A facial cleft is an opening or gap in the face, or a malformation of a part of the face. Facial clefts is a collective term for all sorts of clefts. All structures like bone, soft tissue, skin etc. can be affected. Facial clefts are extremely rare congenital anomalies. There are many variations of a type of clefting and classifications are needed to describe and classify all types of clefting. Facial clefts hardly ever occur isolated; most of the time there is an overlap of adjacent facial clefts.[1]
There are different classifications about facial clefts. Two of the most used classifications are the Tessier classification[2] and the Van der Meulen classification.[3] Tessier is based on the anatomical position of the cleft and Van der Meulen classification is based on the embryogenesis.

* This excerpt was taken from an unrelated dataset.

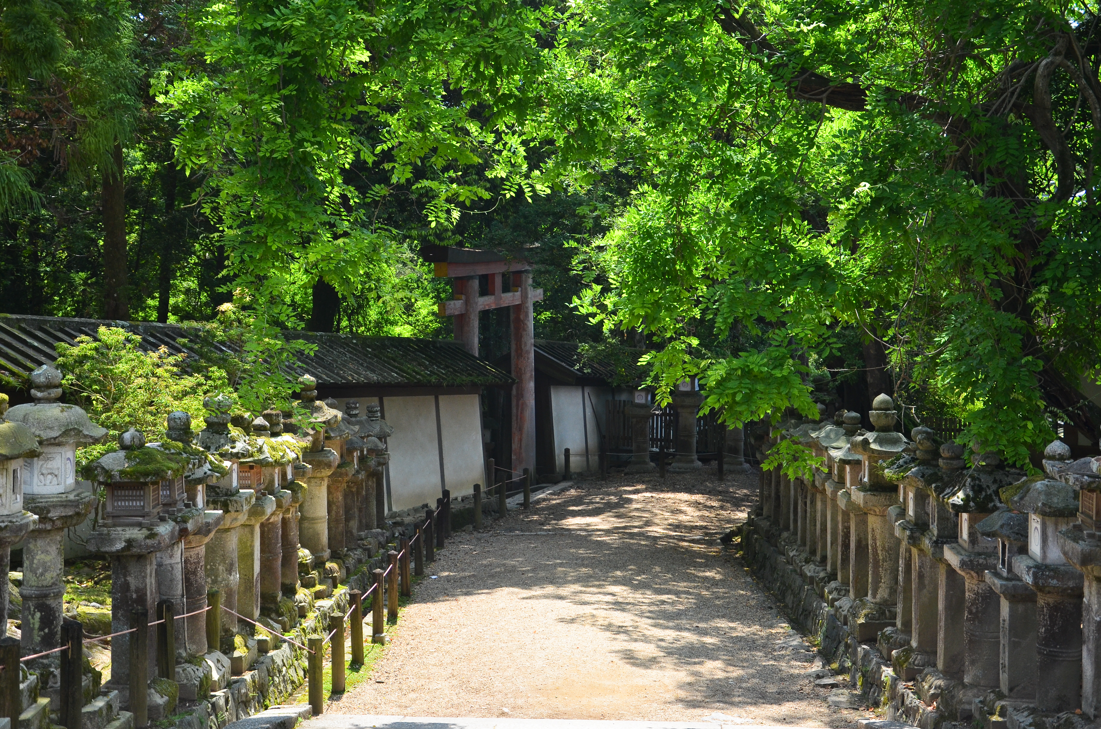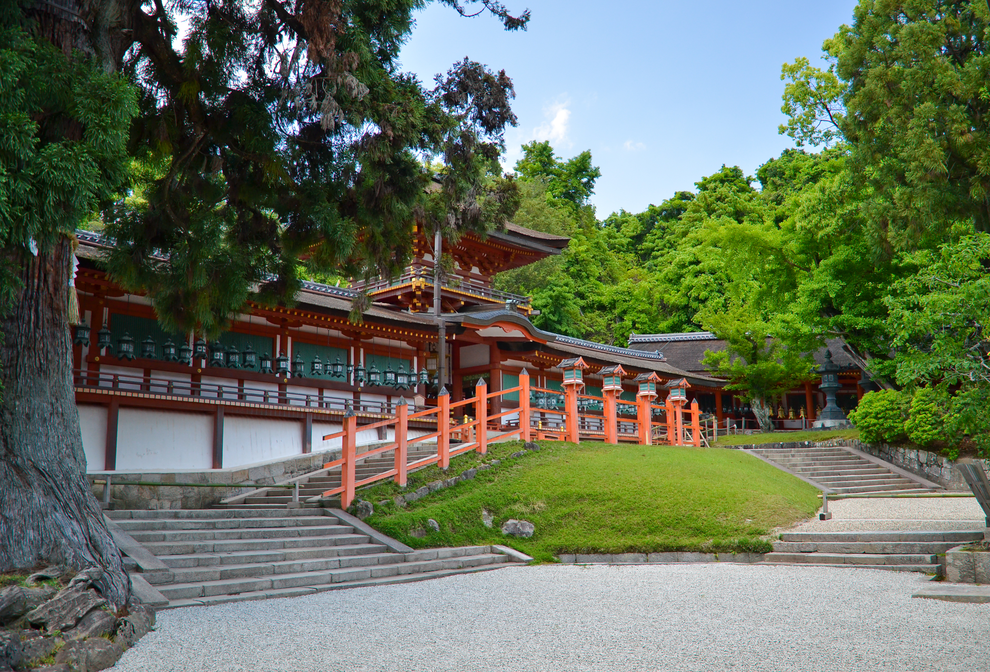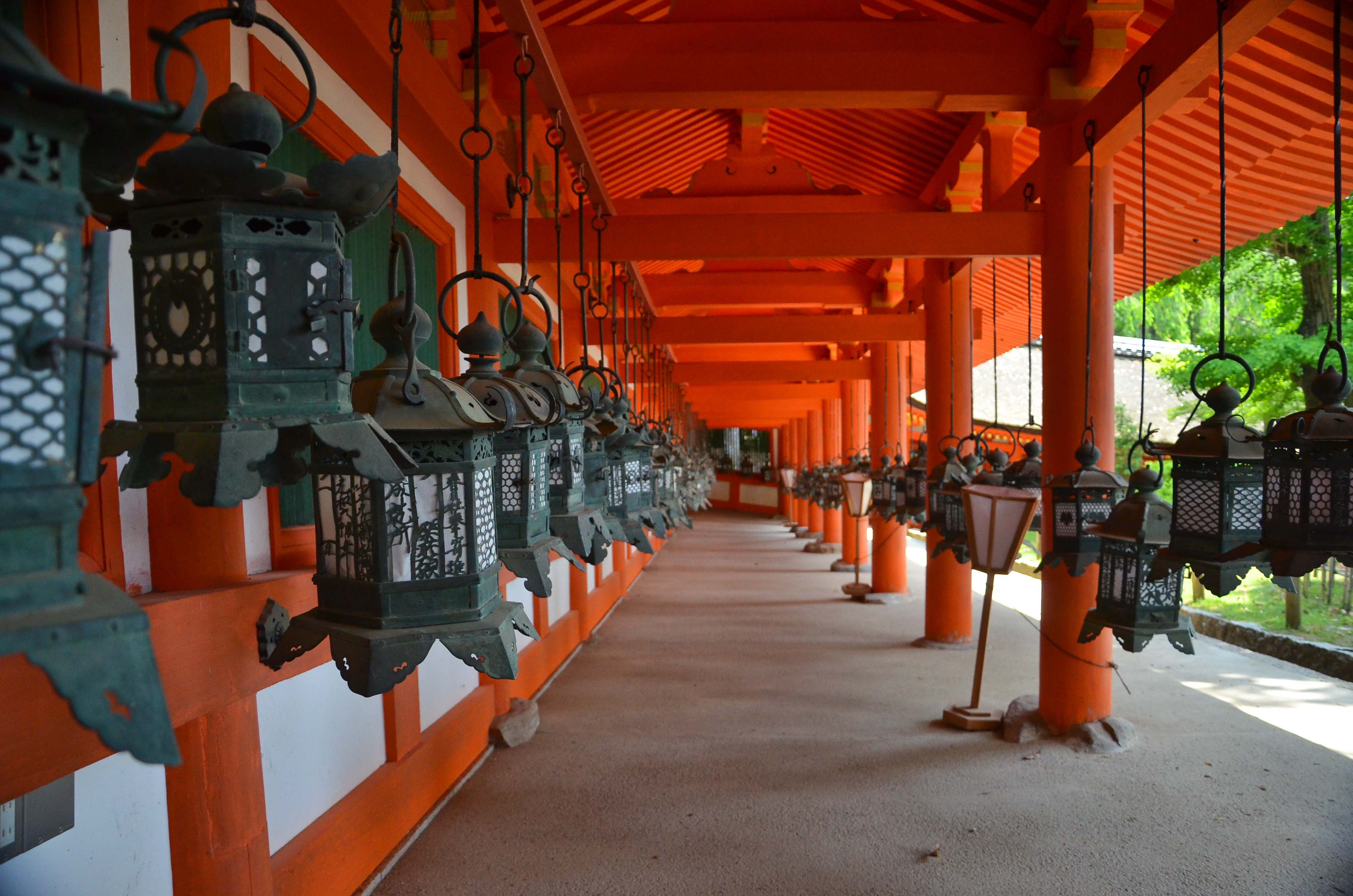 We finally made it to the top where Kasuga Taisha was, but my mom and grandma wanted to sit and rest, so I went in by myself. There were only a couple people inside the small grounds, so it was very quiet, even if there were a lot of people milling around near the entrance. These people also left soon after I came in, so I was now alone. The exterior hallways were all lined with rows of gorgeous metal and golden hanging lanterns. The breeze made a soft whistling noise as it blew through them, but none of them moved.

In 1976 Paul Tessier published a classification on facial clefts based on the anatomical position of the clefts. The different types of Tessier clefts are numbered 0 to 14. These 15 different types of clefts can be put into 4 groups, based on their position:[4] midline clefts, paramedian clefts, orbital clefts and lateral clefts. The Tessier classification describes the clefts at soft tissue level as well as at bone level, because it appears that the soft tissue clefts can have a slightly different location on the face than the bony clefts.[citation needed]
The midline clefts are Tessier number 0 ("median craniofacial dysplasia"), number 14 (frontonasal dysplasia), and number 30 ("lower midline facial cleft", also known as "median mandibular cleft"). These clefts bisect the face vertically through the midline. Tessier number 0 bisects the maxilla and the nose, Tessier number 14 comes between the nose and the frontal bone. The Tessier number 30 facial cleft is through the tongue, lower lip and mandible. The tongue may be absent, hypoplastic, bifid, or even duplicated.[5] People with this condition may be tongue-tied.[5]
Tessier number 1, 2, 12 and 13 are the paramedian clefts. These clefts are quite similar to the midline clefts, but they are further away from the midline of the face. Tessier number 1 and 2 both come through the maxilla and the nose, in which Tessier number 2 is further from the midline (lateral) than number 1. Tessier number 12 is in extent of number 2, positioned between nose and frontal bone, while Tessier number 13 is in extent of number 1, also running between nose and forehead. Both 12 and 13 run between the midline and the orbit.[citation needed]
Tessier number 3, 4, 5, 9, 10 and 11 are orbital clefts. These clefts all have the involvement of the orbit. Tessier number 3, 4, and 5 are positioned through the maxilla and the orbital floor. Tessier number 9, 10 and 11 are positioned between the upper side of the orbit and the forehead or between the upper side of the orbit and the temple of the head. Like the other clefts, Tessier number 11 is in extent to number 3, number 10 is in extent to number 4 and number 9 is in extent to number 5.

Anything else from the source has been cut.